Links

Here are a few links to sites that I frequent on a (semi-)regular basis or that are just interesting. To be expanded at whim.

Brainfood

Critical thinking

  • Nizkor list of logical fallacies. A long list of invalid arguments, with examples.
  • James Randi Educational Foundation. James Randi is a magician who's been active in promoting critical thinking and exposing paranormalists, faith healers and mediums. In the 1970s, he was a thorn in the side of spoonbender Uri Geller, by performing the same stunts through conjuring and sleight of hand (well, they both are, but only one admits it). JREF also has a $1,000,000 paranormal challenge for proof of paranormal abilities. He's also done a number of TV shows, bits of which can be found on youtube. This one for example.
  • The Skeptic Dictionary. An encyclopedia on logic and science and a critical look at things not so logical and scientific like new-age, the supernatural and pseudo-scientific theories like astrology, homeopathy, scientology and the like.
  • The crackpot index. A useful, semi-serious guide to deciding whether a certain person's ideas are worth your time or not.
  • An ESP experiment. Mind-reading by computer. Look closely and pick a card and try to figure out what happened. Also browse the explanations people have come up with; it's amazing how far people will go with miracle explanations even when the simplest (and correct) solution is readily available for people who pay attention.

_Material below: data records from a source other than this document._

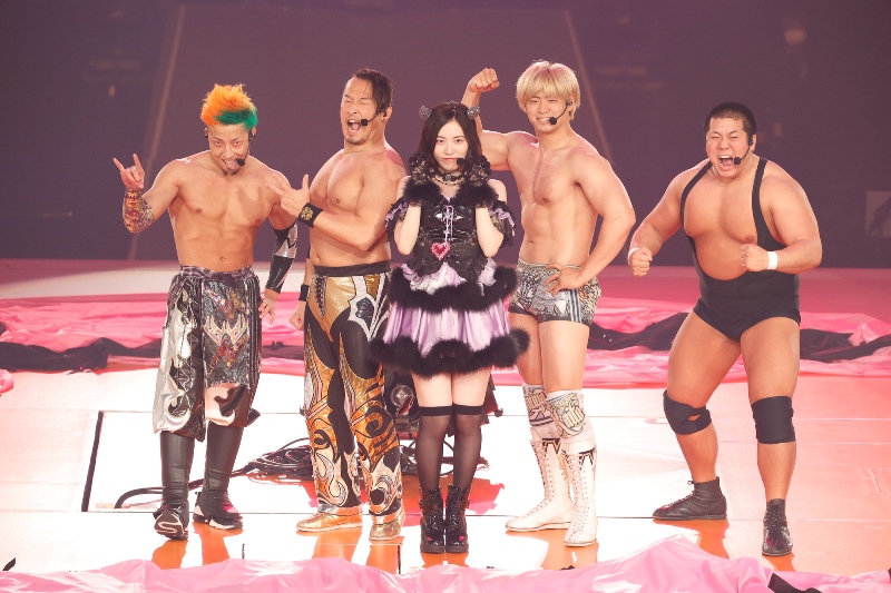 ここで、先日配信されたファンミーティングの“卒コンで聴きたい一曲大投票”で選ばれた『わるきー』を『わるじゅり』として初披露。「筋肉を触らせてよ」と歌い出すこの曲では、なんとプロレス団体「NOAH」所属のプロレスラー 丸藤正道さん、清宮海斗さん、YO-HEYさん、稲村愛輝さんがステージに登場。大のプロレスファンの松井さんは大喜びで、投票での人気曲『ジッパー』でも松井さんと共に会場を沸かせた。
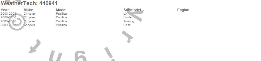 Below is an abbreviated list of applications for the FloorLiner DigitalFit.Pacifica, Chrysler, 2008, 2007, 2006, 2005, 2004
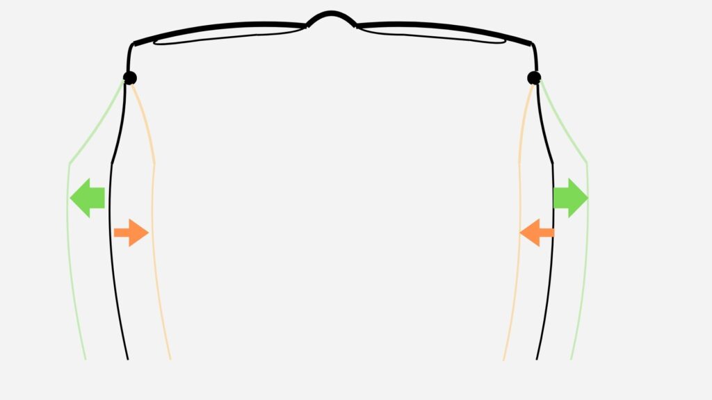 逆に頭が小さい方は、テンプル幅を狭くしますので下の図のようになります。

The evolution/creationism debate

For the last couple of hundred years, scientists have been investigating the workings and history of the universe. This has lead to incredible advances in just about everything. However, some (perhaps even most) of the discoveries made contradict ancient doctrines, which doesn't sit well with the supporters of those doctrines. This would be alright if they were on the fringes, but, at least in America, their voices carry weight.

Let's be clear: there is no controversy in the scientific community. Yes, the Earth is old, evolution has happened and continues to happen and the literal interpretation of the bible simply doesn't fit with what we've found out about reality. This is not to say they don't keep trying. I'm just a spectator on this, really, but I do try to follow some of the discussions. It's fascinating, really: one side has all the evidence from independent sources, which forms a uniform picture of how things are; the other side has a book, which they claim is correct even if reality disagrees (I'm not kidding, look at AiG's statement of faith, D6). It'd be funny if they didn't have a considerable influence in America.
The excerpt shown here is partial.